▶ [TASK DATA]:
***
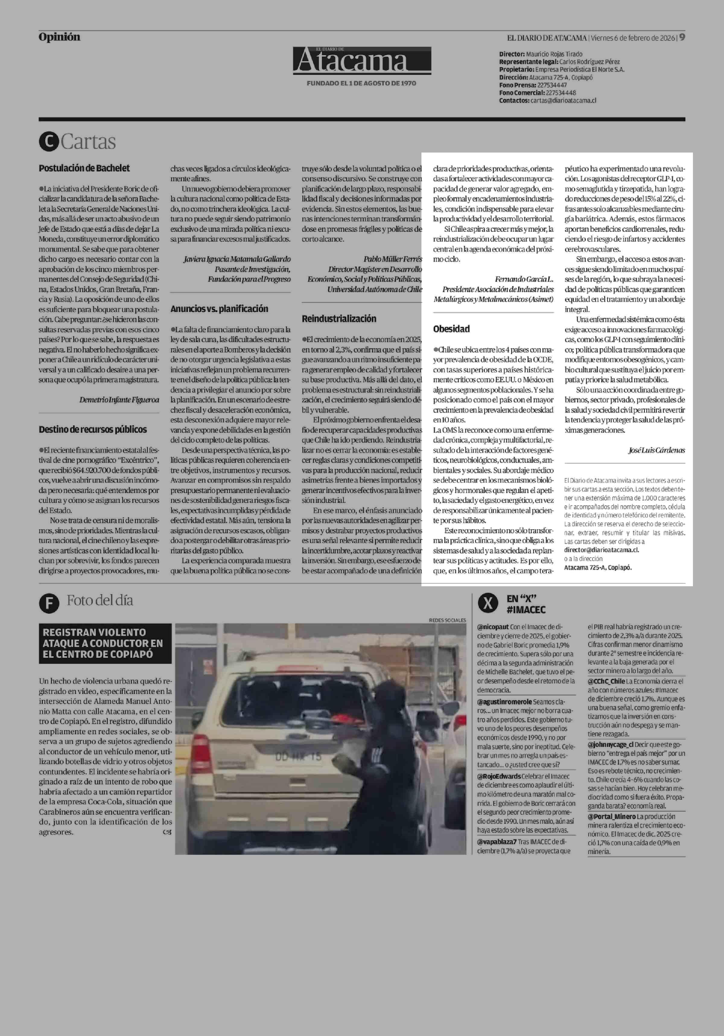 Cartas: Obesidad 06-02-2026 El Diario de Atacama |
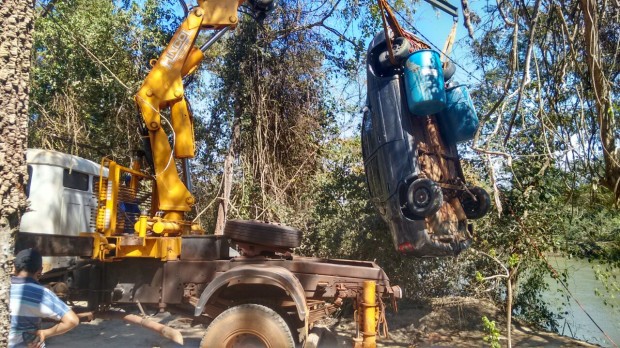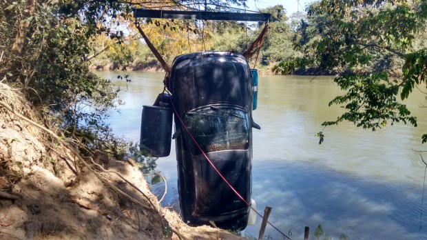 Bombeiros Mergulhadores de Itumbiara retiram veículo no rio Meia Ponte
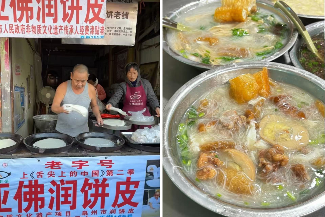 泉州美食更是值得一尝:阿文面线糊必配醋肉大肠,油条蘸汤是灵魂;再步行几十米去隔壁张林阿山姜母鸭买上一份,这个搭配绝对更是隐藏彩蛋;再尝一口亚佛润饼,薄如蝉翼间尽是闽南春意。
***
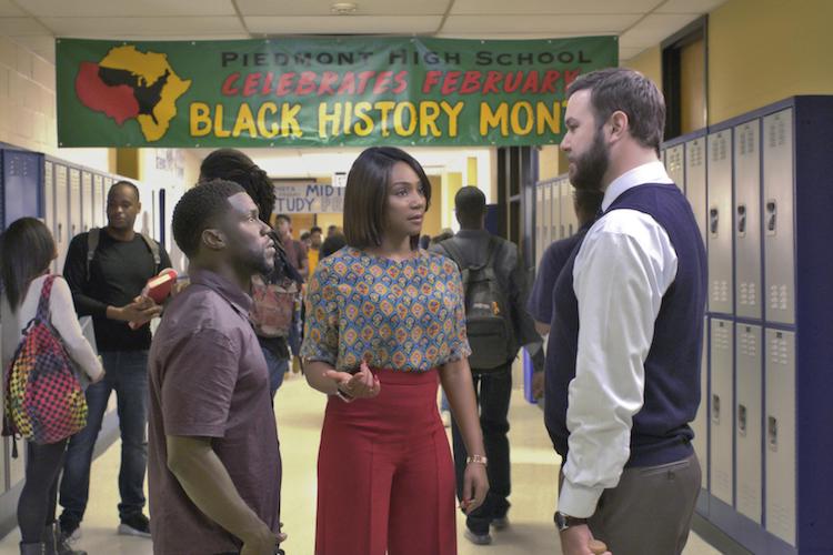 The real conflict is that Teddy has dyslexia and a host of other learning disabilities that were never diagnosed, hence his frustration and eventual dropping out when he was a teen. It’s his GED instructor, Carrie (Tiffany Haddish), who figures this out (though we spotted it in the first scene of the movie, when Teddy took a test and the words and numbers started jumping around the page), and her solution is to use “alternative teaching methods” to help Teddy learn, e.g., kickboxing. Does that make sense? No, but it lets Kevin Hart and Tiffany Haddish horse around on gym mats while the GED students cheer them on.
***
Copy only these lines from the records above, exactly: the one with "Cartas: Obesidad 06-02-2026", the one with "泉州美食更是值得一尝:阿文面", and those between. Skip the pictures.

 Cartas: Obesidad 06-02-2026 El Diario de Atacama |
 Bombeiros Mergulhadores de Itumbiara retiram veículo no rio Meia Ponte
 泉州美食更是值得一尝:阿文面线糊必配醋肉大肠,油条蘸汤是灵魂;再步行几十米去隔壁张林阿山姜母鸭买上一份,这个搭配绝对更是隐藏彩蛋;再尝一口亚佛润饼,薄如蝉翼间尽是闽南春意。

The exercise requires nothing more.